The answer of user gkibilov solved my problem. The idea is to change the "searchForUser" method in the ActiveDirectoryLdapAuthenticationProvider class in order to not only pass the bindprincipal (=USERNAME@DOMAIN) but also the username.

Afterwards the following searchFilter can be used to look for the sAMAccountName instead of the userPrincipalName:

"(&(objectClass=user)(sAMAccountName={1}))"

Here are the single steps that I did:

  1. Copy the source of the ActiveDirectoryAuthenticationException class to a new class and rename it (ie "MyActiveDirectoryAuthenticationException"): SourceLink

  2. Copy the source of the ActiveDirectoryLdapAuthenticationProvider class to a new class and rename it (ie "MyActiveDirectoryLdapAuthenticationProvider"): SourceLink

  3. Exchange the ActiveDirectoryAuthenticationException class in MyActiveDirectoryLdapAuthenticationProvider with the new exception class (MyActiveDirectoryAuthenticationException)

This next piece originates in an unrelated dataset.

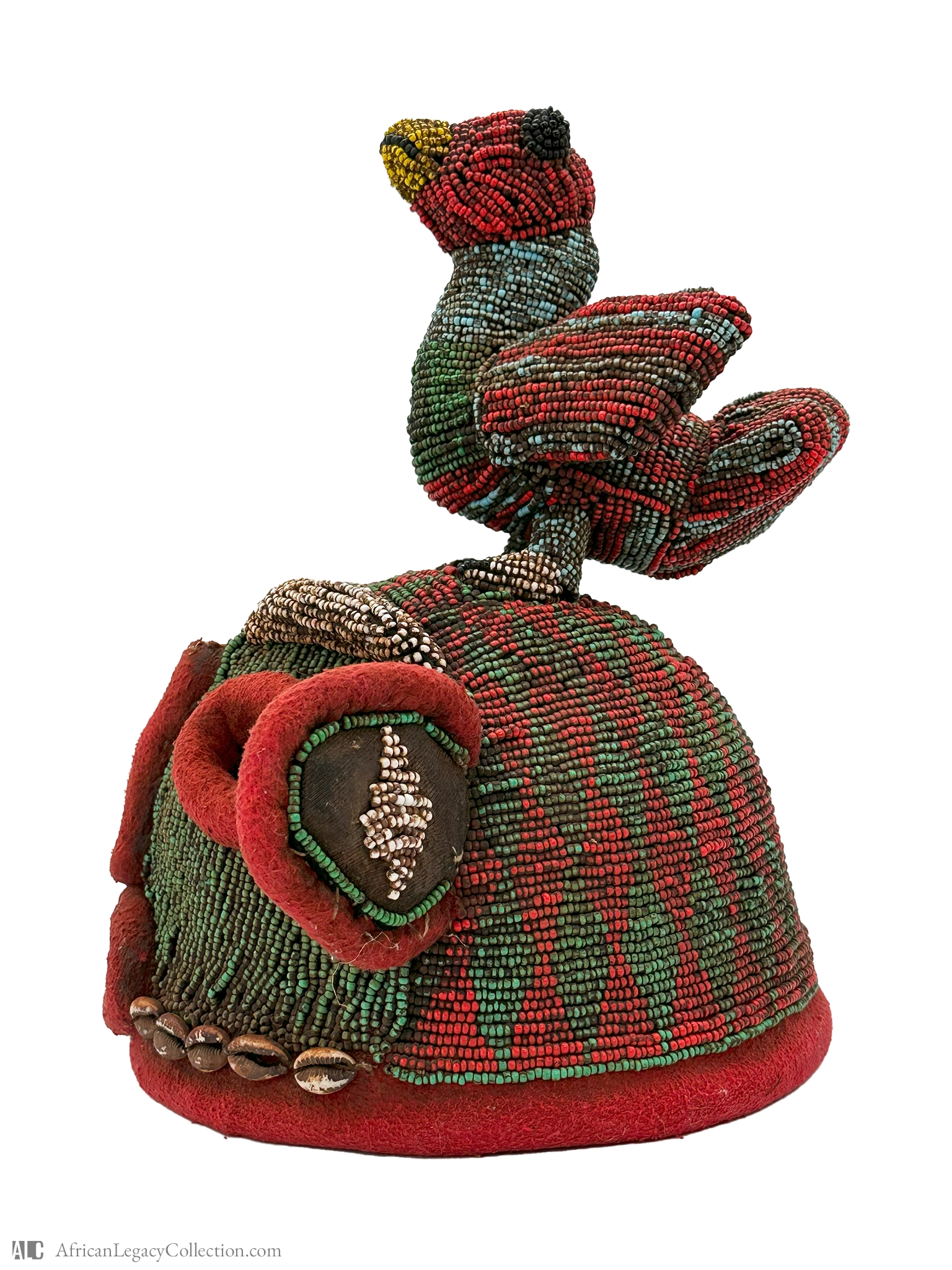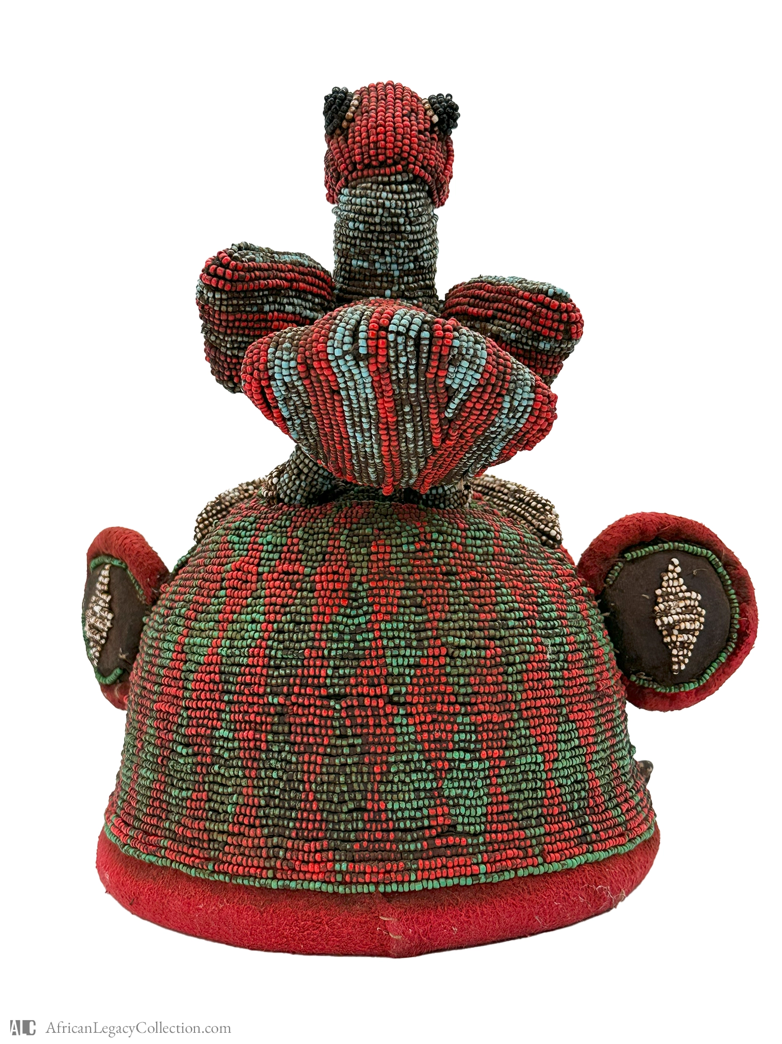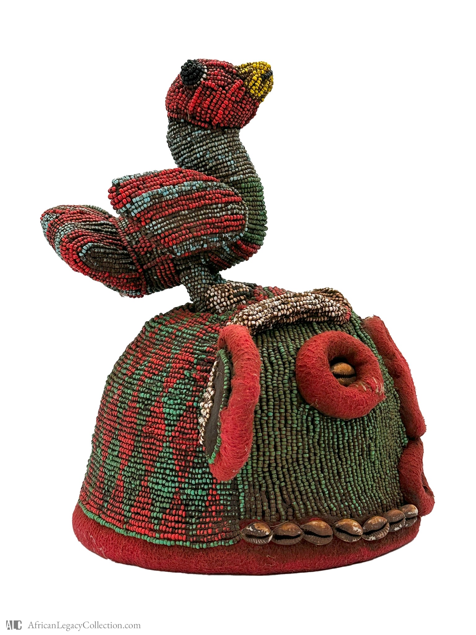 This beaded headdress is likely of Yoruba origin, a people found predominantly in West Africa. It serves a ceremonial purpose, often worn by chiefs or during traditional rituals. The headdress’s elaborate beadwork and motifs suggest its use in significant cultural gatherings, symbolizing status and heritage.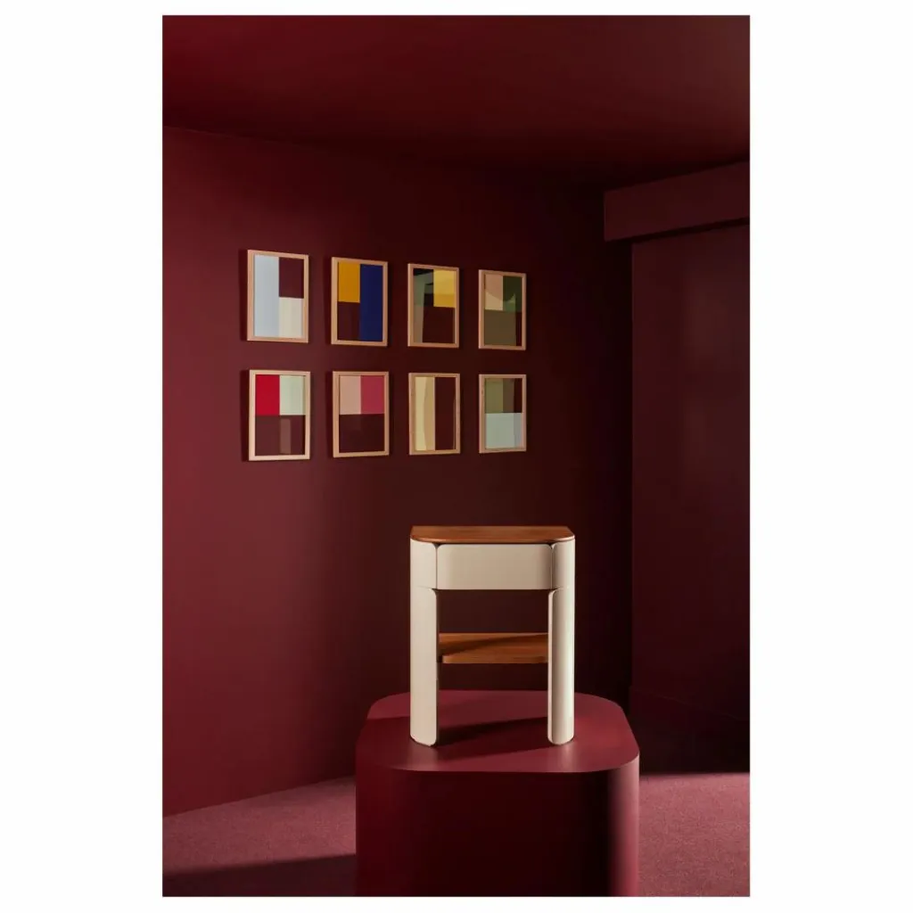 - Écrin secret. Nouvelle signature de la Maison, la collection Équilibre joue sur les accords parfaits entre chêne brut et laque haute brillance. La table de chevet éponyme affiche des courbes éclatantes – un fini laqué teinte écru – réchauffées par une base en chêne massif.

  4. Change the method in MyActiveDirectoryAuthenticationException class to also pass the username:

    private DirContextOperations searchForUser(DirContext context, String username)
    throws NamingException {
     SearchControls searchControls = new SearchControls();
     searchControls.setSearchScope(SearchControls.SUBTREE_SCOPE);

     String bindPrincipal = createBindPrincipal(username);
     String searchRoot = rootDn != null ? rootDn
             : searchRootFromPrincipal(bindPrincipal);

     try {
         return SpringSecurityLdapTemplate.searchForSingleEntryInternal(context,
            searchControls, searchRoot, searchFilter,
            new Object[] { bindPrincipal, username});
     }
     ...
}

  5. Change the searchFilter to look for the sAMAccountName attribute. In your case the bean should look like this:

    @Bean
public MyActiveDirectoryLdapAuthenticationProvider activeDirectoryLdapAuthenticationProvider() {
    provider = new MyActiveDirectoryLdapAuthenticationProvider("ad.test.com", "ldap://servername.ad.test.com:389/cn=Users,dc=ad,dc=test,dc=com");
    provider.setSearchFilter("(&(objectClass=user)(sAMAccountName={1}))");
    provider.setUseAuthenticationRequestCredentials(true);
    return provider;
}

I have to admit that it is not the nicest solution to copy a class but as the original class is "final" I couldn't find a better way to fix this problem.